- _ABOUT THIS TASK_: Retype only what runs from the first line of the listing to the line holding "bouquets de 9", both included. Do not retype the pictures.

- _DATA SEGMENT_:
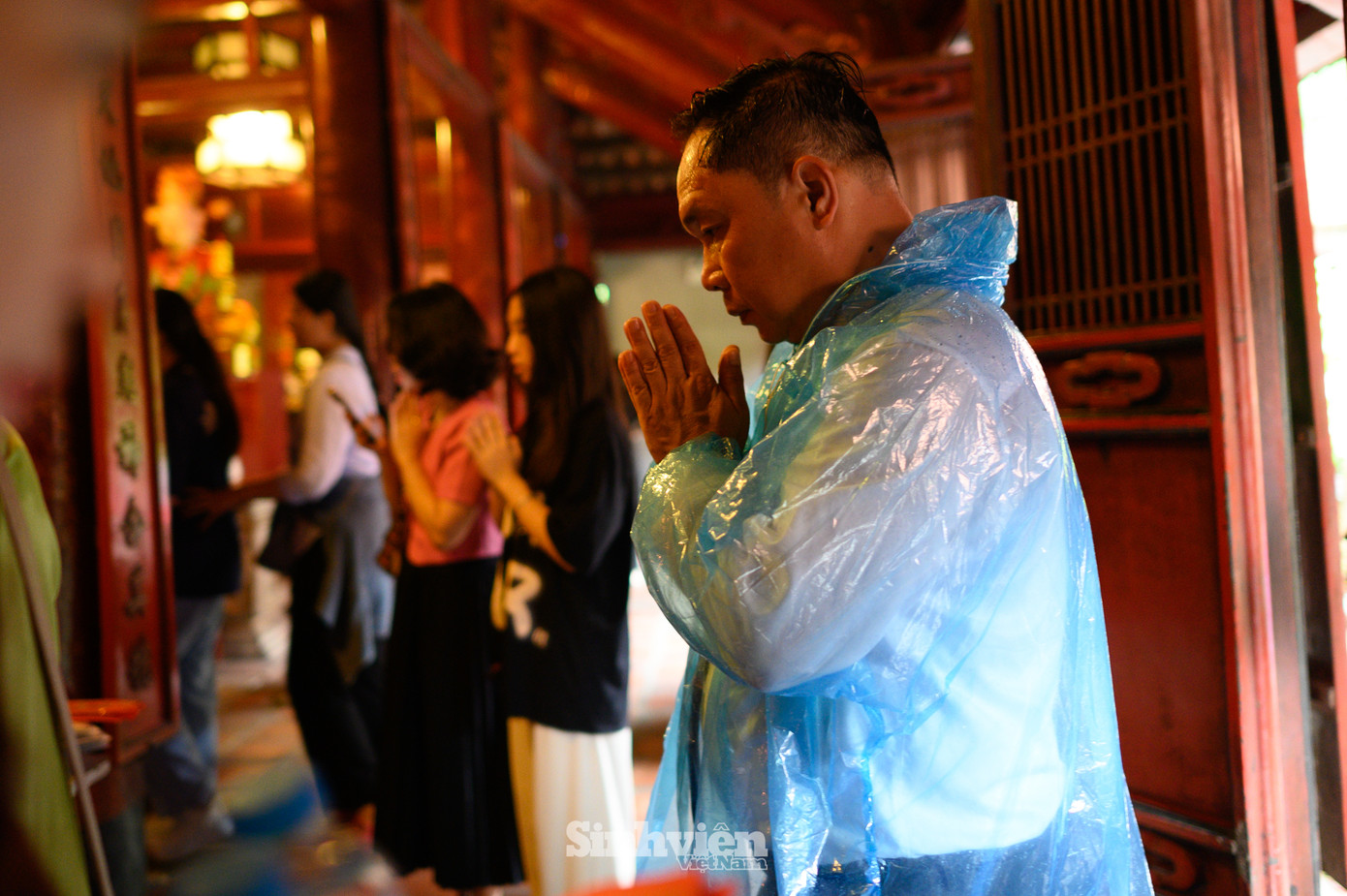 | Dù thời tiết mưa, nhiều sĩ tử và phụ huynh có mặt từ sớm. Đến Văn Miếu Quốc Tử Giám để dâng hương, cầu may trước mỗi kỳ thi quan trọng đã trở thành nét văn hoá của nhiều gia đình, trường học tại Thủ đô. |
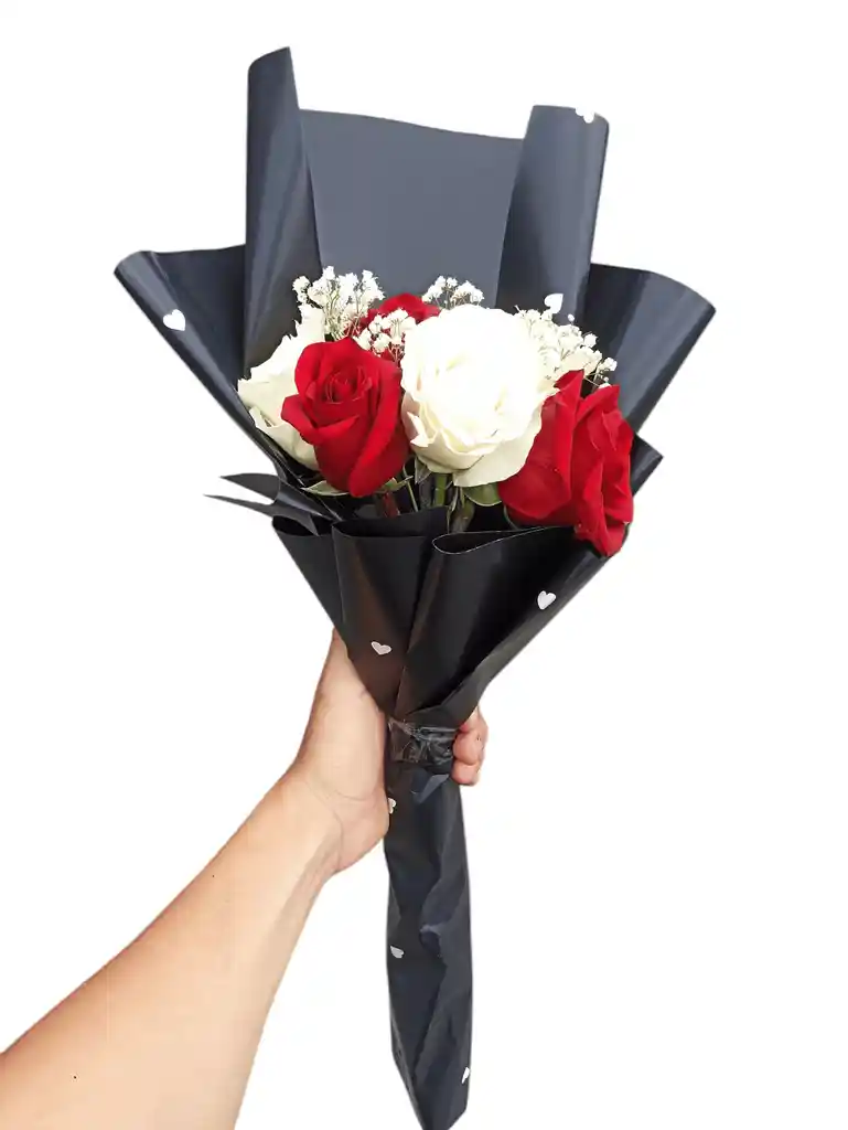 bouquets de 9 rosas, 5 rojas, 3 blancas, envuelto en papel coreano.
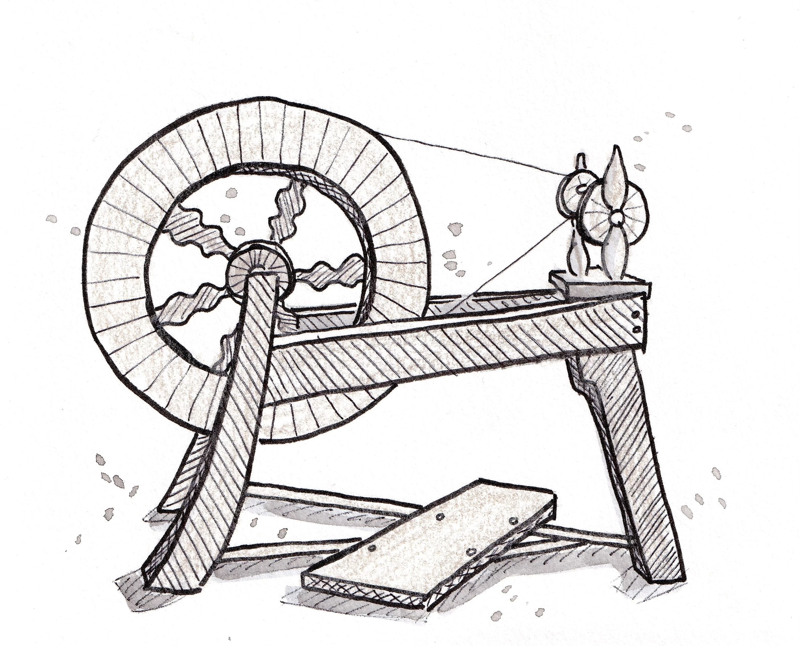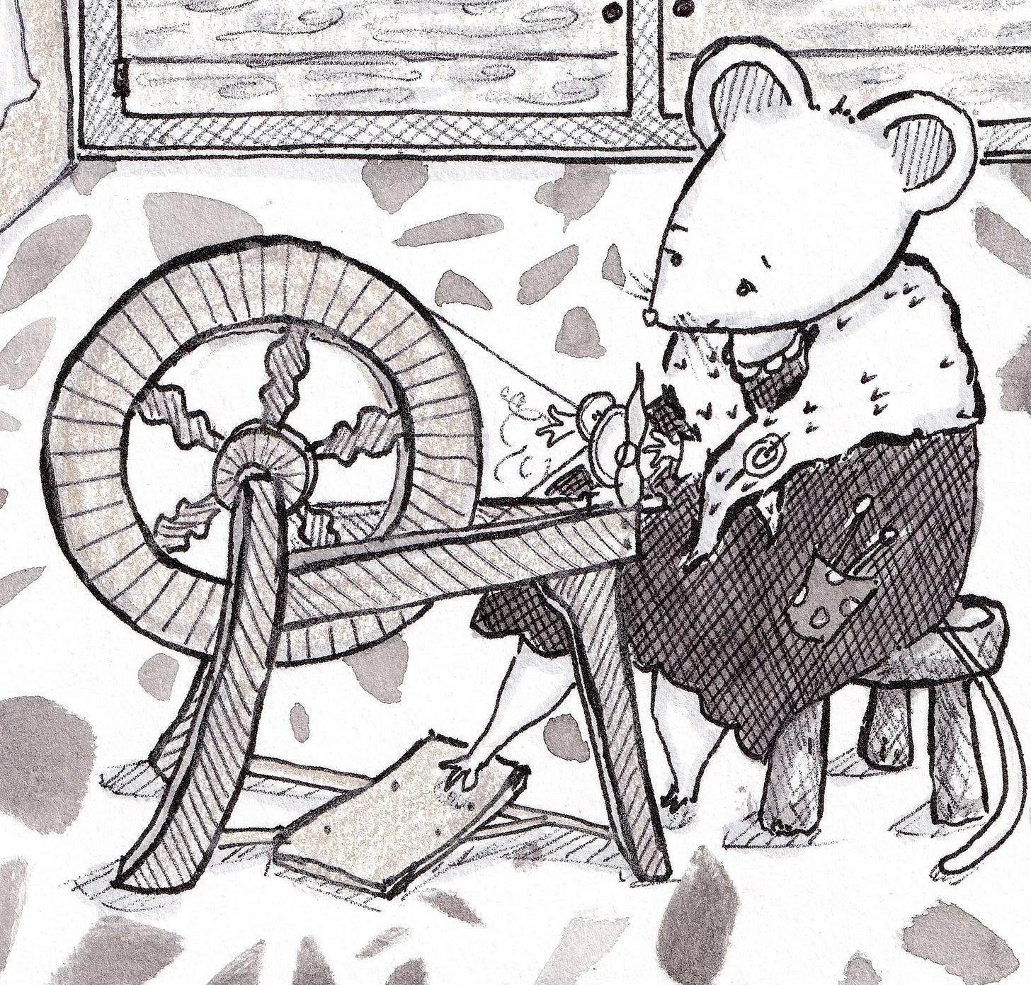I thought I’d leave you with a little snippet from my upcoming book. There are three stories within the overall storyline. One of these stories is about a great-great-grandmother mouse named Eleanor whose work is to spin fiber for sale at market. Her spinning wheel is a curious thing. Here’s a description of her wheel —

- _ANSWER TO THIS EXERCISE_:
 | Dù thời tiết mưa, nhiều sĩ tử và phụ huynh có mặt từ sớm. Đến Văn Miếu Quốc Tử Giám để dâng hương, cầu may trước mỗi kỳ thi quan trọng đã trở thành nét văn hoá của nhiều gia đình, trường học tại Thủ đô. |
 bouquets de 9 rosas, 5 rojas, 3 blancas, envuelto en papel coreano.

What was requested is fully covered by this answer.